Figure 1Somatic pseudogenes.
(a) A somatic FOPNL pseudogene in a non-small cell lung cancer. Sequencing reads from high-coverage whole-genome shotgun sequencing of the tumour reveal a series of split reads (red) crossing the four canonical exon–exon splice junctions in the gene. In addition, read pairs map to adjacent exons with an insert size larger than expected (light brown). At either end of the gene, read pairs linking to chr7 could be identified, revealing that the FOPNL pseudogene is inserted into intron 11 of the SND1 gene in the opposite orientation with an intact polyA tail and a target-site duplication of 10 bp. (b) A somatic ARHGEF9 pseudogene in a non-small cell lung cancer. The insertion was confirmed as somatic by PCR (Supplementary Fig. 2) and capillary sequencing across an exon–exon junction and insertion site.

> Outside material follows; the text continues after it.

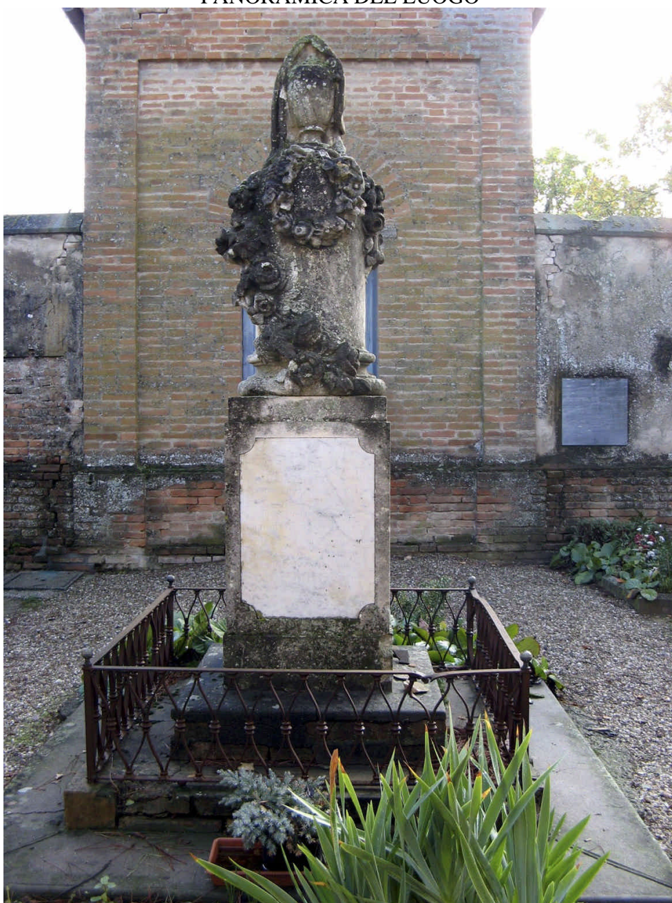
CIPPO DEI MARTUZZI NEL PICCOLO CIMITERO FORESE DEL FAENTINO

Figure 2Properties of somatic pseudogenes.
(a) Histogram showing the fraction of somatic pseudogenes with particular features. (b) Sequences of target-site duplications (between square brackets) and adjacent genomic regions, showing that the polyA tail of the somatic pseudogene inserts in the consensus TTTTAA sequence between the TTTT and AA. Target-site deletions were also occasionally seen (deleted sequence between the round brackets). (c) An example of an internal inversion in a somatic pseudogene, inserted into intergenic sequence. The insertion was confirmed as somatic by PCR. (d) Phylogenetic trees for four patients in whom multiple samples were sequenced, showing at which stage during the evolution of the cancer somatic pseudogenes were acquired.
Figure 3Tissue-specific patterns of somatic pseudogenes.
(a) Expression of template genes for somatic pseudogenes (individual points) compared with all genes for the most frequently affected organ sites. The violin plot formulation for all genes shows the median (white point), interquartile range (thick black line) and 1.5 × the interquartile range (thin black line). The coloured shapes denote a kernel density plot of the distribution of gene expression levels for all genes. Due to the non-normal distribution, we used Wilcoxon rank-sum tests to test whether expression levels of template genes for somatic pseudogenes were different to that expected. (b) RNA-sequencing data showing expression of the MLL-KRT6A fusion gene. (c) Deletion of the promoter and first exon of MGA during somatic pseudogene insertion, leading to abrogation of expression from that allele.